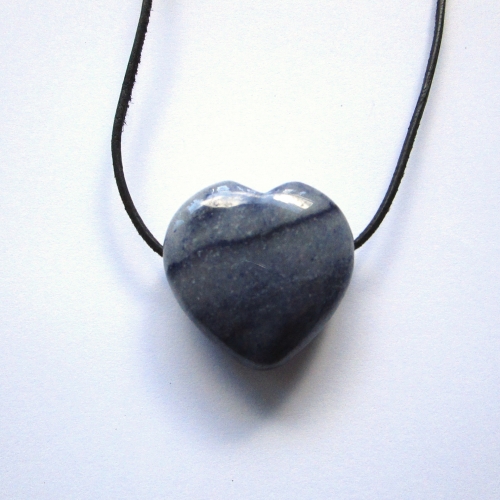 Bei diesem Artikel handelt es sich um einen Lochstein in Herzform aus Blauquarz mit den Maßen 30x30x15 mm. Im Lieferumfang weiters enthalten ist ein 42 cm langes schwarzes Ziegenlederband mit Verschluss in der Stärke 15 mm. Da es sich bei den verarbeiteten Steinen um ein Naturprodukt handelt können Farben, Form und Musterung vom Beispielbild abweichen. Verbraucherhinweis: Bitte bedenken Sie, dass alle beschriebenen Wirkungen wissenschaftlich nicht belegbar sind und daher keinen Besuch beim Arzt ersetzen.
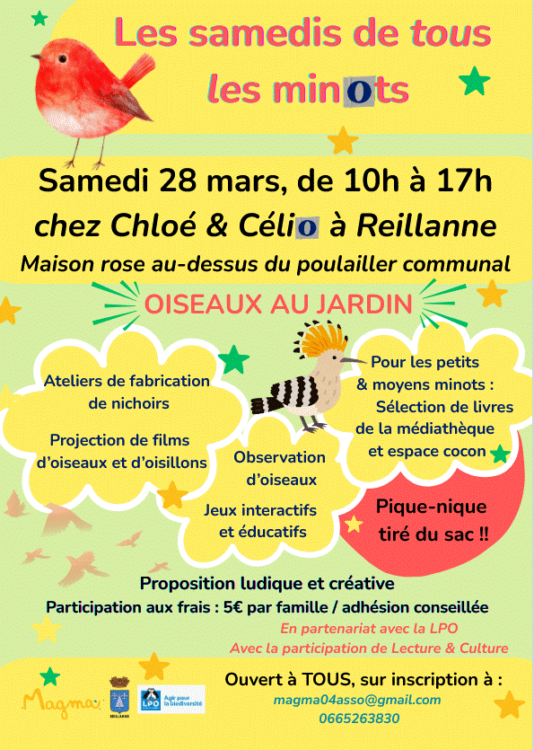Samedi 28 mars de 10h à 17h à REILLANNE les Samedis des Minots
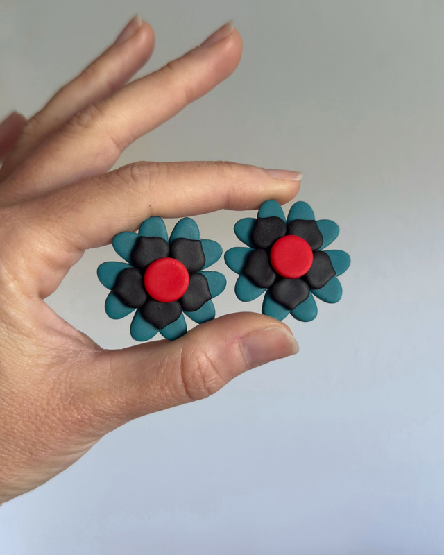 Los Groovy mini en tonos teal, rojo y negro, inspirados en el color tendencia Transformative Teal 2026. Diseño retro inspirado en los años 70, con fuerza, elegancia y personalidad, hechos a mano para mujeres que no quieren pasar desapercibidas 💥
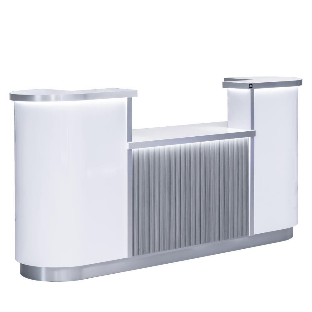 Make a great first impression with this stylish wood slat reception desk, designed to add both elegance and function to your salon or spa. The curved design offers a sleek, modern look, while the premium wood slats provide texture and warmth. Finished with your choice of trim color for a touch of luxury, it also features built-in LED lighting that creates a soft, inviting glow—enhancing both the design and ambiance of your space.
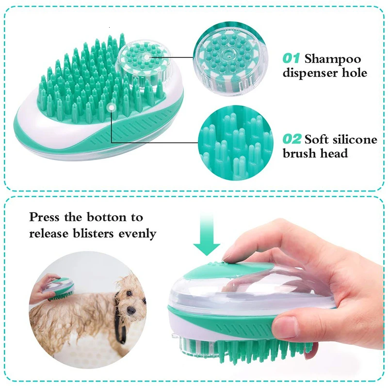 【 2-в-1 массаж BRUSH】Автономный пенопластовый контейнер для удобства использования. Встроенный резервуар для шампуня, надавите на лампочку сверху, чтобы распределить шампунь через щетину. Налейте собачий гель для душа сверху в емкость и Разбавьте водой. Он экономит гель для душа, облегчает создание пены и облегчает чистку. Набор щеток pet perfect отлично подходит для предотвращения кожных заболеваний и увеличения кровообращения, массажные частицы не поцарапают домашних животных.
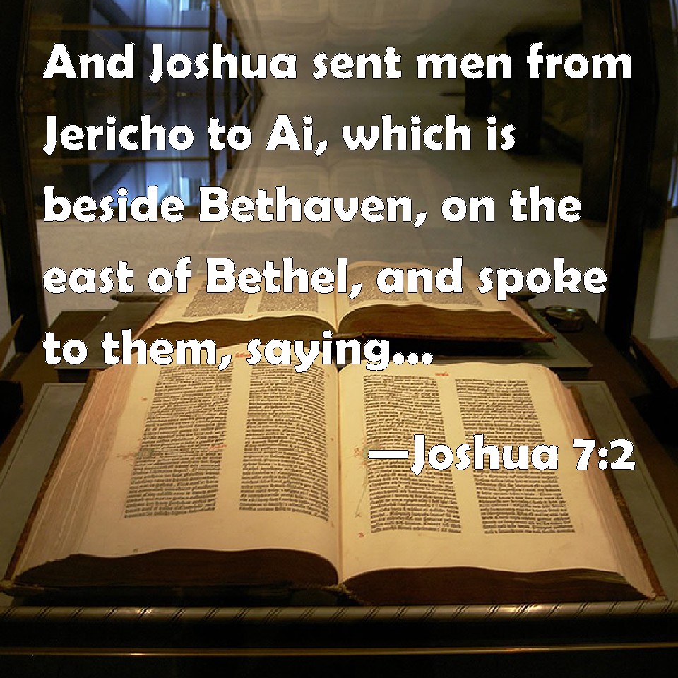 Choose a Background Joshua 7:2 And Joshua sent men from Jericho to Ai, which is beside Bethaven, on the east of Bethel, and spoke to them, saying, Go up and view the country. And the men went up and viewed Ai. KJV: And Joshua sent men from Jericho to Ai, which is beside Bethaven, on the east side of Bethel, and spake unto them, saying, Go up and view the country. And the men went up and viewed Ai. DRB: And when Josue sent men from Jericho against Hai, which is beside Bethaven, on the east side of the town of Bethel, he said to them: Go up, and view the country: and they fulfilled his command, and viewed Hai. DBT: And Joshua sent men from Jericho to Ai, which is beside Beth-Aven, on the east side of Bethel, and spoke to them, saying, Go up and spy out the country. And the men went up and spied out Ai. ERV: And Joshua sent men from Jericho to Ai, which is beside Beth-aven, on the east side of Beth-el, and spake unto them, saying, Go up and spy out the land. And the men went up and spied out Ai. WBT: And Joshua sent men from Jericho to Ai, which is beside Beth-aven, on the east side of Beth-el, and spoke to them, saying, Go up and view the country. And the men went up and viewed Ai. WEB: Joshua sent men from Jericho to Ai, which is beside Beth Aven, on the east side of Bethel, and spoke to them, saying, "Go up and spy out the land." The men went up and spied out Ai. YLT: And Joshua sendeth men from Jericho to Ai, which is near Beth-Aven, on the east of Bethel, and speaketh unto them, saying, 'Go up and spy the land;' and the men go up and spy Ai,Links Joshua 7:2 NIV • Joshua 7:2 NLT • Joshua 7:2 ESV • Joshua 7:2 NASB • Joshua 7:2 KJV • Joshua 7:2 Interlinear • Joshua 7:2 Commentaries • Joshua 7:2 Parallel Texts • Joshua 7:2 Bible Apps • Joshua 7:2 Parallel • Bible Hub |
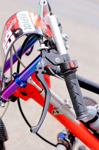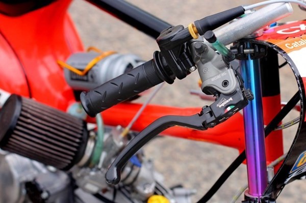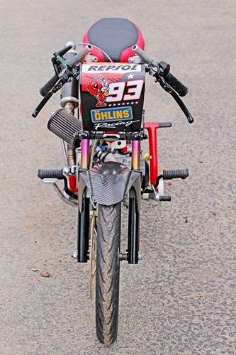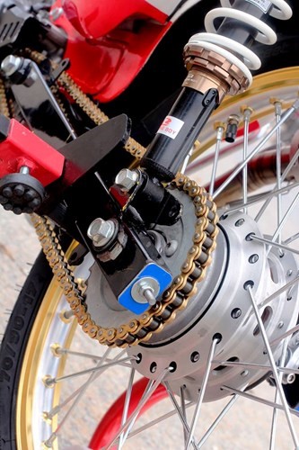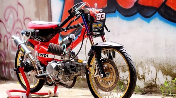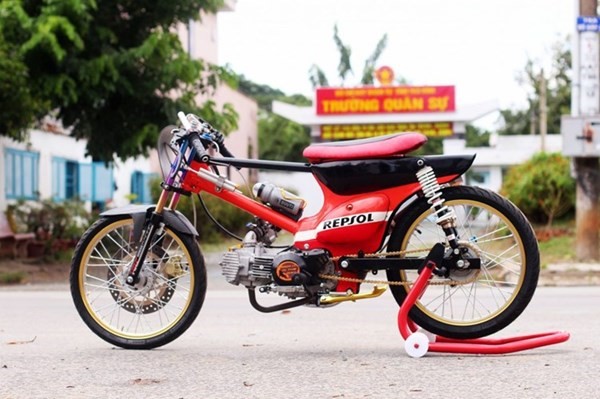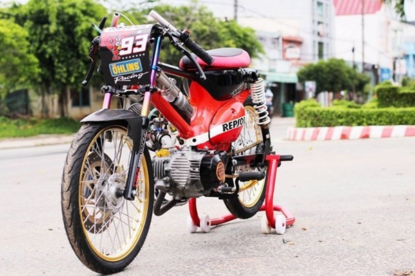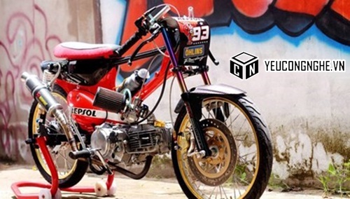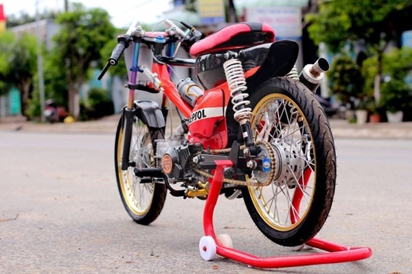 Đây có thể coi là một tuyệt phẩm Honda Cup không chỉ đến từ vô số hàng hiệu trang bị trên xe mà còn bởi sự khéo léo và con mắt thẩm mỹ của chủ xe. Chiếc Cup này được trang bị ghi đông cụp xuống 2 tay lái, dàn chân đi bánh căm đậm chất drag Thái.
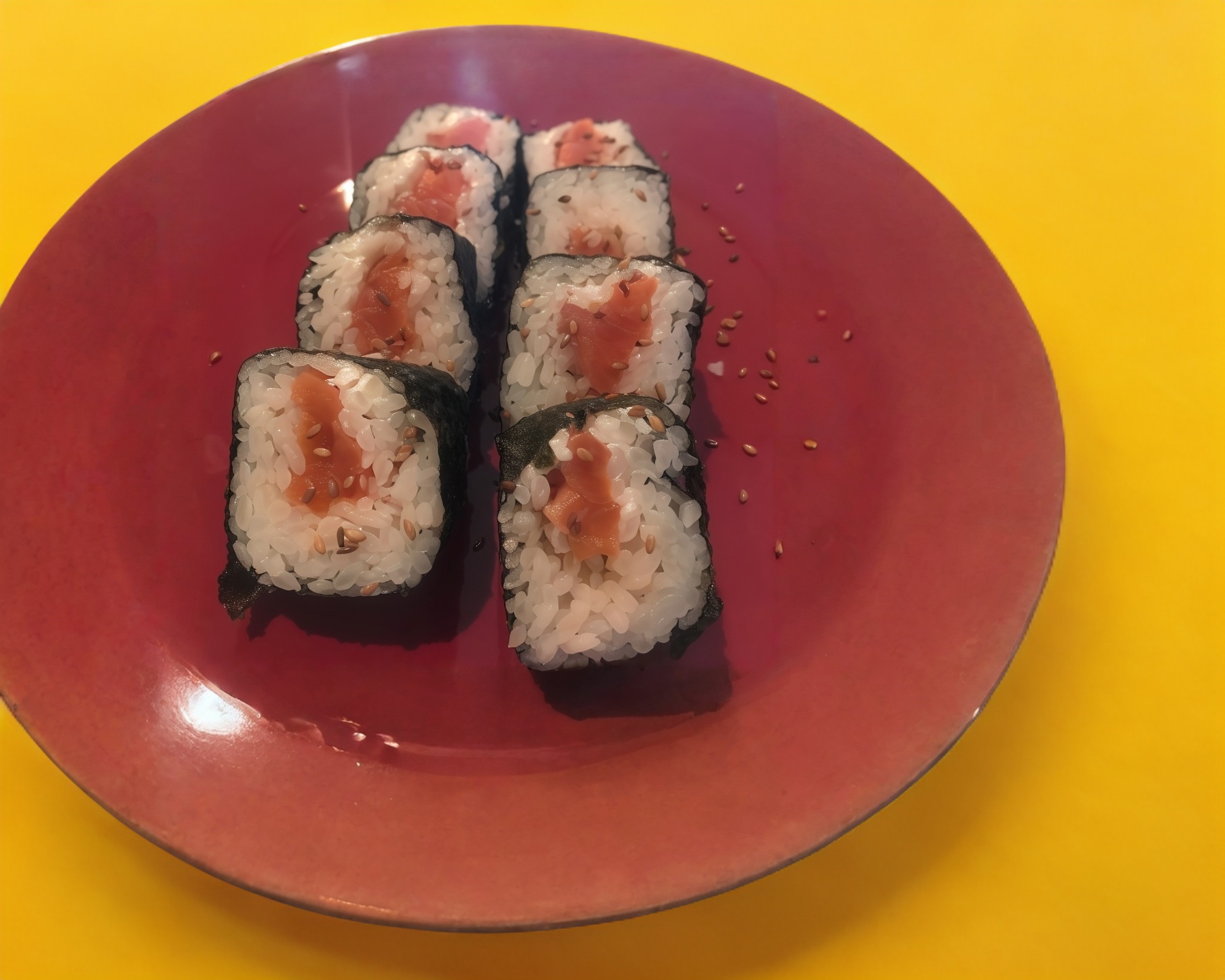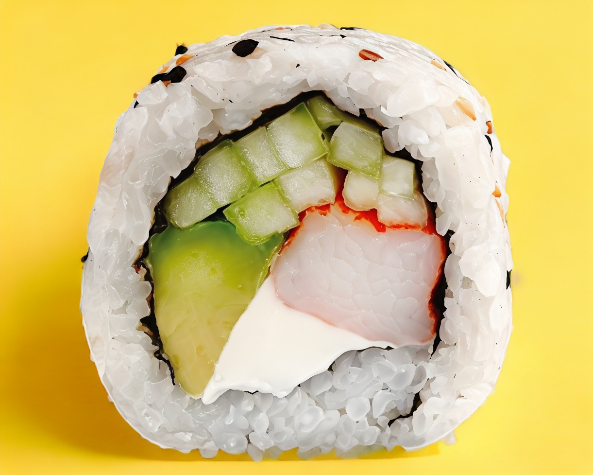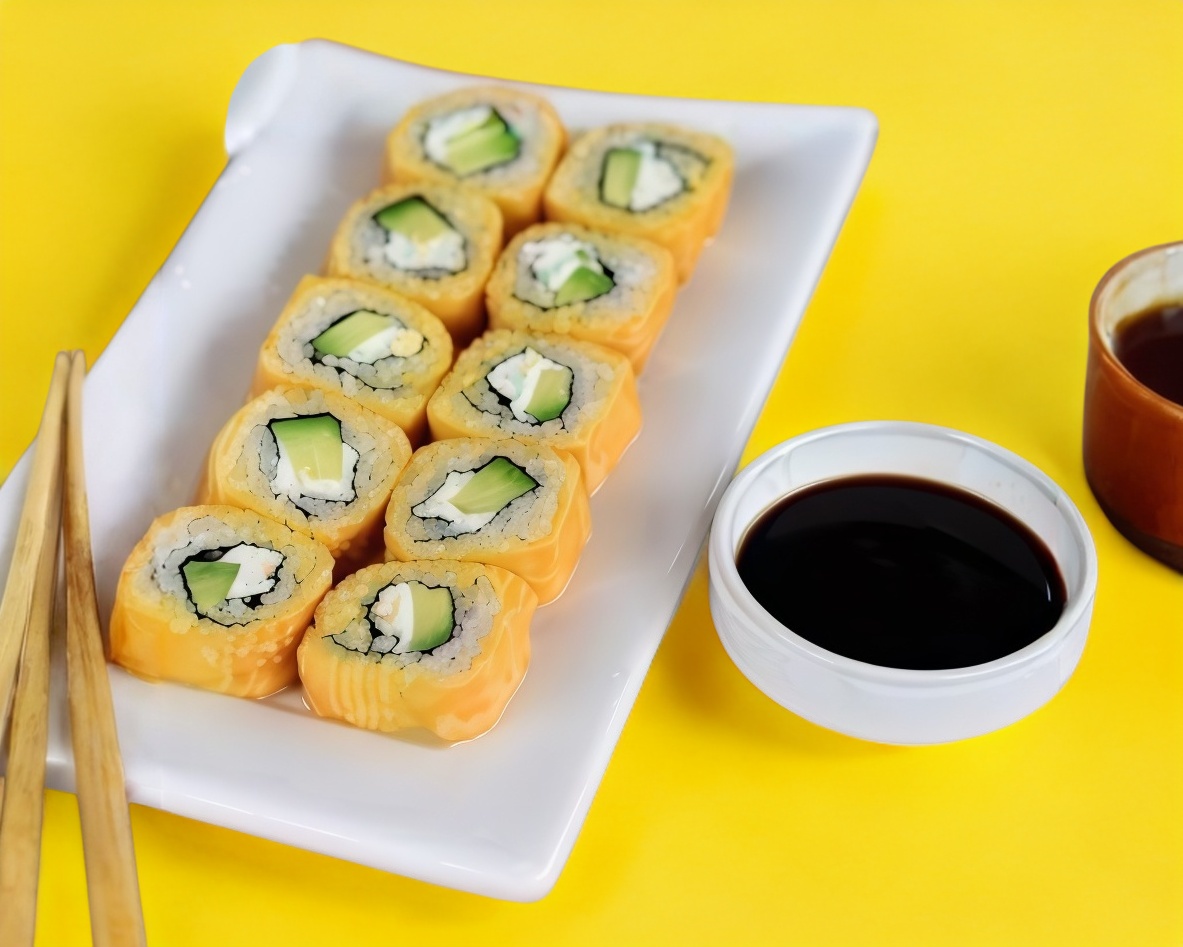 Sin arroz, salmón, camarón fresco, queso crema, aguacate y envuelto en surimi

# # # # #

What is expected — Go back to the listing above and write out the lines starting at the one with "Samedi 28 mars" and ending at the one with "Los Groovy mini", inclusive, exactly and without pictures.

Solution for this problem —
Samedi 28 mars de 10h à 17h à REILLANNE les Samedis des Minots
 Los Groovy mini en tonos teal, rojo y negro, inspirados en el color tendencia Transformative Teal 2026. Diseño retro inspirado en los años 70, con fuerza, elegancia y personalidad, hechos a mano para mujeres que no quieren pasar desapercibidas 💥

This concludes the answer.